Undergraduate Programme and Module Handbook 2020-2021 (archived)
Module MATH4337: Uncertainty Quantification
Department: Mathematical Sciences
MATH4337: Uncertainty Quantification
| Type | Open | Level | 4 | Credits | 10 | Availability | Not available in 2020/21 | Module Cap | None. | Location | Durham |
|---|
Prerequisites
- Statistical Inference (MATH2671)
Corequisites
- None
Excluded Combination of Modules
- None
Aims
- To be able to design computer experiments and develop methods and procedures for the statistical analysis of modern large-scale applications in order to quantify uncertainties and perform predictions.
Content
- Introduction to Complex models of physical systems
- Emulation
- Linking the Model to Reality
- Inverse problems
- Design of computer experiments
- Sensitivity analysis
Learning Outcomes
Subject-specific Knowledge:
- On the successful competition of the module, students will be able to:
- Identify and explain the nature and sources of uncertainty in large-scale applications
- Develop statistical models for the emulation of expensive computer models of physical systems.
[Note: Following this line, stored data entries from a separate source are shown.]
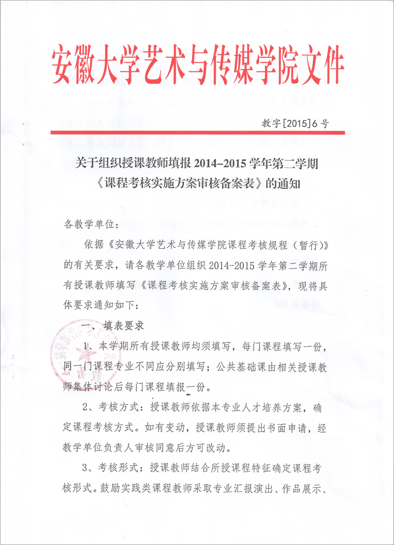关于组织授课教师填报2014-2015学年第二学期《课程考核实施方案审核备案表》的通知
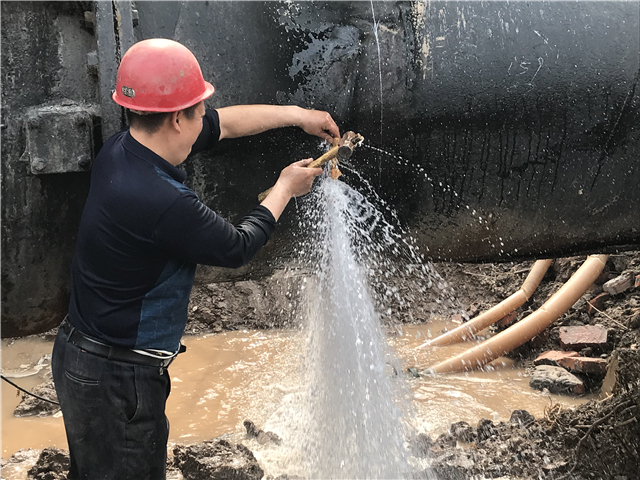 在經(jīng)過連續(xù)緊張的10個(gè)小時(shí)作業(yè)后,整個(gè)開挖、拆除、更換、焊接工作克服重重困難,終于圓滿完工。下午18點(diǎn)柳林水廠1號(hào)輸水管閥門開啟,供水恢復(fù)正常。
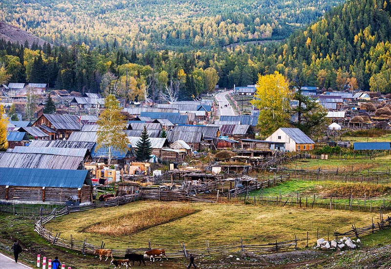 在新疆美麗的喀納斯湖旁,有一個(gè)小小的山村——禾木村,它坐落在崇山阻隔的一個(gè)大河谷里,秋天,放眼望去,都是熱烈而明朗的金黃色——小河、木屋、炊煙、樺林以及禾木橋上放牧的人們。原木壘砌的木屋散布在村落,牧馬人在叢林間揚(yáng)塵而過(guò),萬(wàn)山黃遍的醉人秋色在炊煙中宛若仙境,古樸的山村景致,像喀納斯湖一樣充滿神秘的色彩。
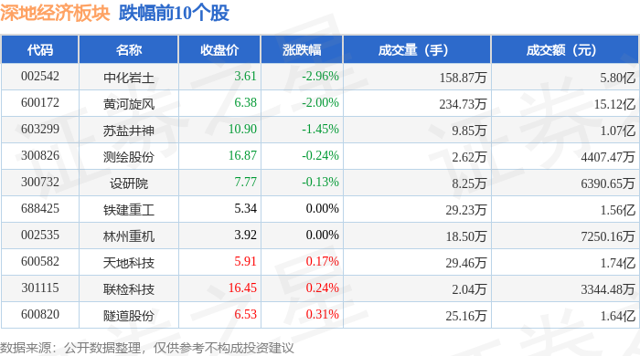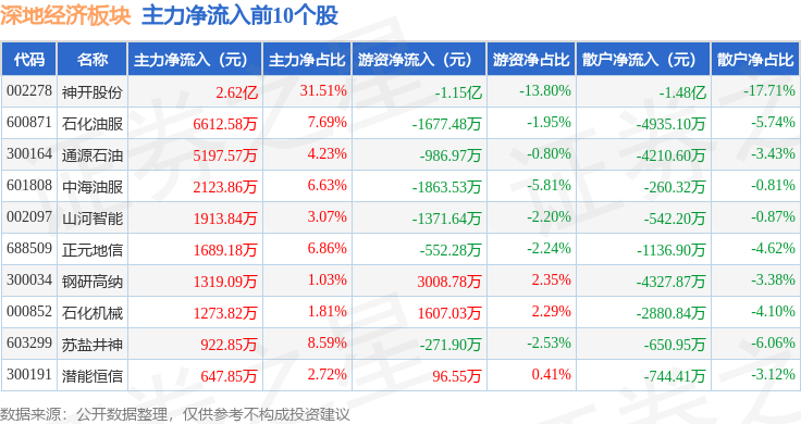 从资金流向上来看,当日深地经济板块主力资金净流出3705.2万元,游资资金净流出9603.97万元,散户资金净流入1.33亿元。深地经济板块个股资金流向见下表:

- Explain and justify the principles of experimental design for computer models, and apply computer model design to appropriate applications.
- Explain and combine the key components of an Uncertainty Quantification for the analysis of large-scale applications.
- Implement Uncertainty Quantification methodology in a computer programming language and drawn meaningful insight and conclusions from the output.
Subject-specific Skills:
- Students will develop advanced statistical skills and relevant mathematical skills in modelling and computation.
Key Skills:
- Students will develop advanced skills in problem solving, critical and analytical thinking, and communicating scientific results by written reports.
Modes of Teaching, Learning and Assessment and how these contribute to the learning outcomes of the module
- Lectures demonstrate what is required to be learned and the application of the theory to practical examples.
- Computer practicals consolidate the studied material, explore theoretical ideas in practice, enhance practical understanding, and develop practical data analysis skills.
- Assignments for self-study develop problem-solving skills and enable students to test and develop their knowledge and understanding.
- Formative assessments provide feedback to guide students in the correct development of their knowledge and skills in preparation for the summative assessment.
- The written project report assesses the ability to implement the concepts introduced in the module using statistical software, to apply them in the analysis of a realistic problem, and to report scientific outputs in a clear and structured way.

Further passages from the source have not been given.